Work request
Below are the records; return every line from the one that contains "Metabo angle grinder" to the last, exactly, skipping the pictures.

(Stored items from a collection)
Start of Block

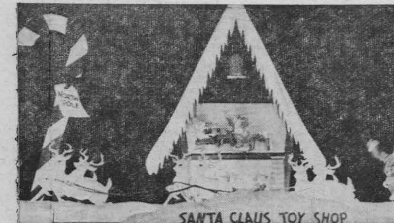
SANTA'S WORK SHOP—Highlighted annually is the Christmas scene created by the Station's firefighters which adorns the roof of the fire station. The holiday project is a year 'round hobby for the firefighters.
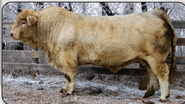
PLEASANT DAWN CHRIS 42E Homo Polled

10 sons sell - Magico was also a high seller at the Char-Maine bull sale. Definitely a bull to leave a long lasting impact. His attributes include calving ease and performance with maternal and structural correctness. Great temperament and is leaving females with small teats with lots of milk.
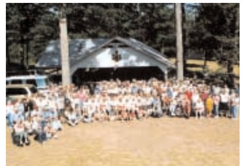
Group picture - Ender's Reunion, 2002.
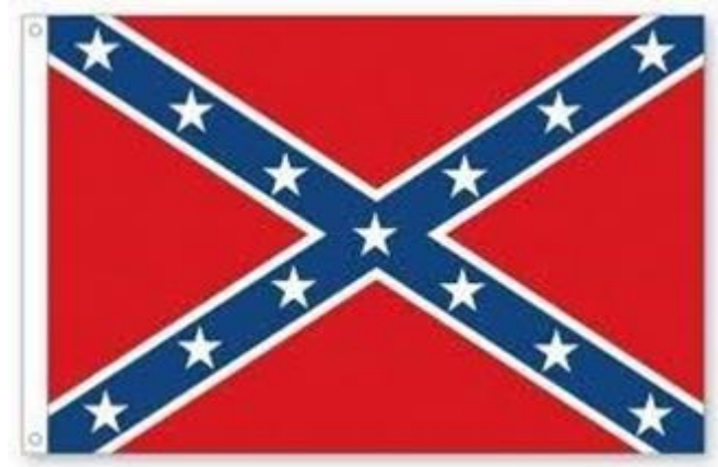
Confederate flag picture
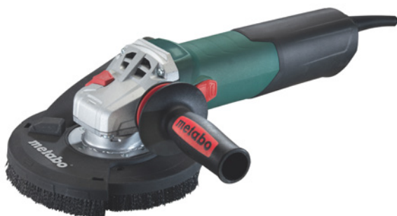
Metabo angle grinder W 15-125 HD with Metabo guard (or equivalent)

IN COMBINATION WITH METABO GUARD WITH VACUUM CLEANER ASR 50 M SC
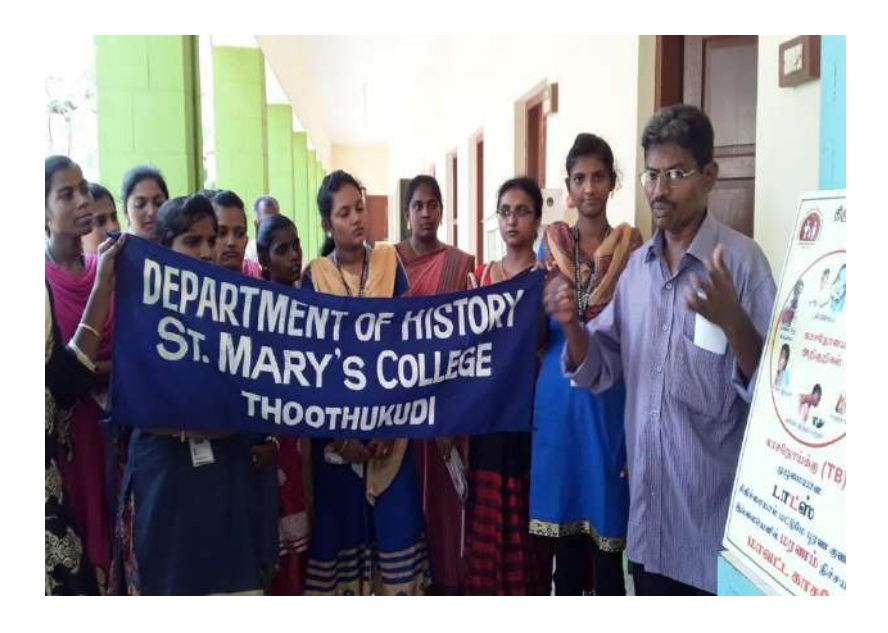
St. Joseph Leprosy Hospital, Arokiapuram, Thoothukudi
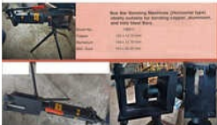
HBB2 A Bus Bar Bending Machine
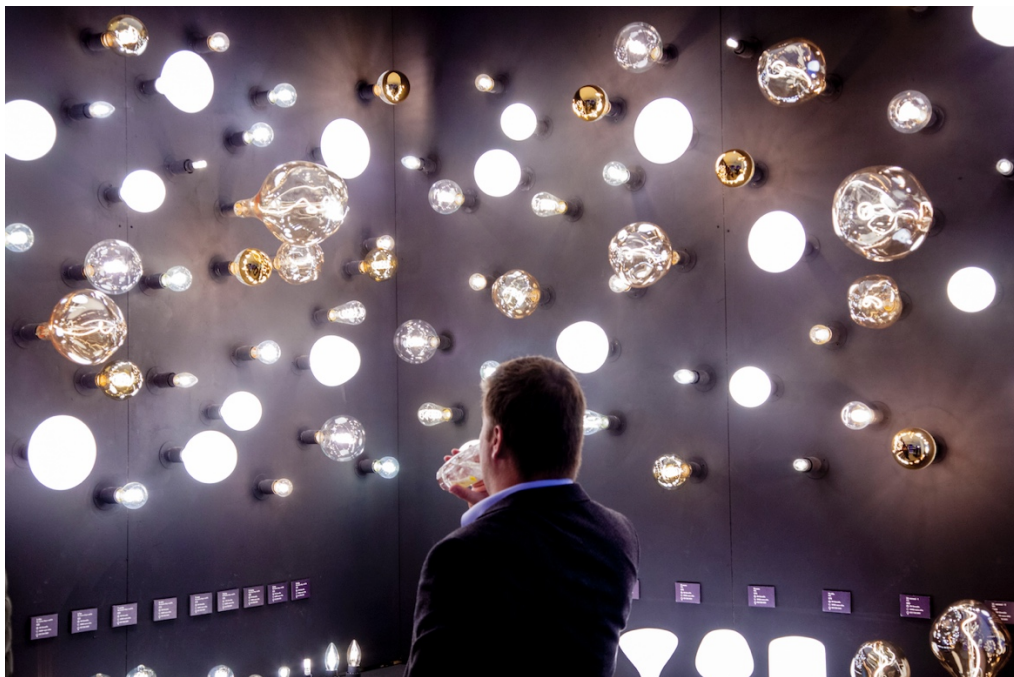
Dark is the Night 2018, The Conran Shop Chelsea.

The coming of winter shortens our days, the clocks go back, and the lighting design of our homes takes centre-stage once more. As the year comes to a close and the sunlight grows weaker, the way we choose to illuminate our environment is a matter of more than aesthetics; light shapes our emotional landscape as much as the look and feel of our home interiors. In the darkness of winter, light matters most.
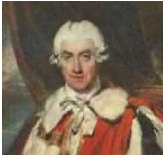
Detail from Portrait of Thomas Thynne, 3 rd Viscount Weymouth (Later 1 st Marquess of Bath), 1795, by Thomas Lawrence
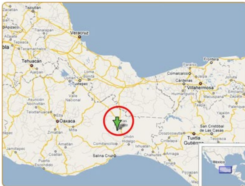
Figure 2: Location of La Venta
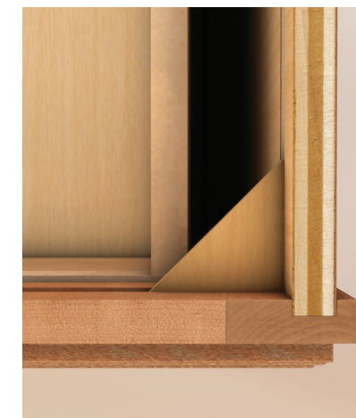
All Plywood Construction

All of our cabinets feature quality construction details and are built to last. Consider adding some of these options to achieve a higher-end look and added value.
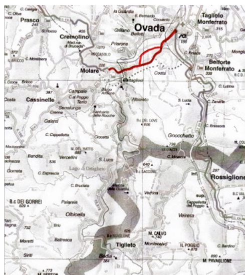
Map 1. Olbicella (coordinates 44°37'11"N 8°36'6"E) and the surrounding area
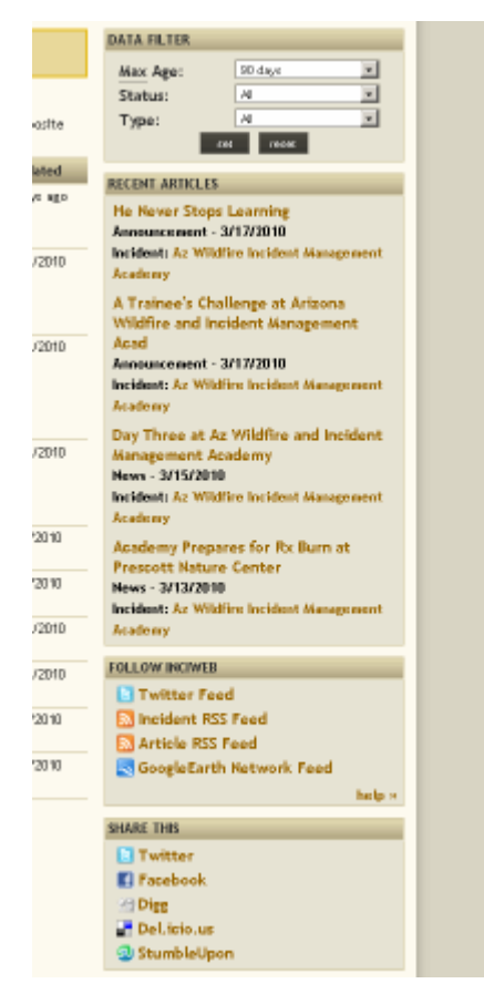
Figure 2. Example of the boxed sections in the right-hand column of InciWeb pages.

When you view an individual incident record, additional sections are added to the column on the right side to include a box identifying the unit or agency responsible for the incident record and a box with contact information. If you are the PIO or the designated public spokesperson for the unit, your name and contact information would be displayed in this section for all incidents being managed by your unit.
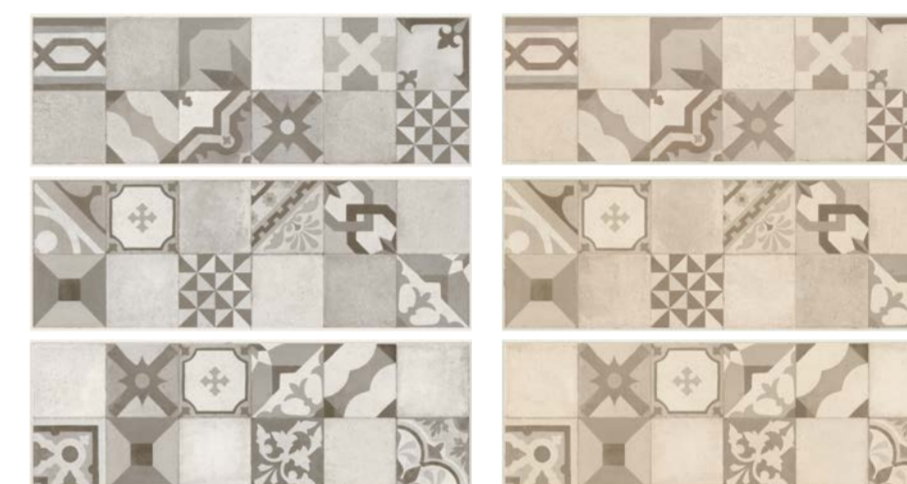
Decoro Vantage White 30x90 M13C (rif. White, Grey)

End of Block

Written answer
Metabo angle grinder W 15-125 HD with Metabo guard (or equivalent)

IN COMBINATION WITH METABO GUARD WITH VACUUM CLEANER ASR 50 M SC
St. Joseph Leprosy Hospital, Arokiapuram, Thoothukudi
HBB2 A Bus Bar Bending Machine
Dark is the Night 2018, The Conran Shop Chelsea.

The coming of winter shortens our days, the clocks go back, and the lighting design of our homes takes centre-stage once more. As the year comes to a close and the sunlight grows weaker, the way we choose to illuminate our environment is a matter of more than aesthetics; light shapes our emotional landscape as much as the look and feel of our home interiors. In the darkness of winter, light matters most.
Detail from Portrait of Thomas Thynne, 3 rd Viscount Weymouth (Later 1 st Marquess of Bath), 1795, by Thomas Lawrence
Figure 2: Location of La Venta
All Plywood Construction

All of our cabinets feature quality construction details and are built to last. Consider adding some of these options to achieve a higher-end look and added value.
Map 1. Olbicella (coordinates 44°37'11"N 8°36'6"E) and the surrounding area
Figure 2. Example of the boxed sections in the right-hand column of InciWeb pages.

When you view an individual incident record, additional sections are added to the column on the right side to include a box identifying the unit or agency responsible for the incident record and a box with contact information. If you are the PIO or the designated public spokesperson for the unit, your name and contact information would be displayed in this section for all incidents being managed by your unit.
Decoro Vantage White 30x90 M13C (rif. White, Grey)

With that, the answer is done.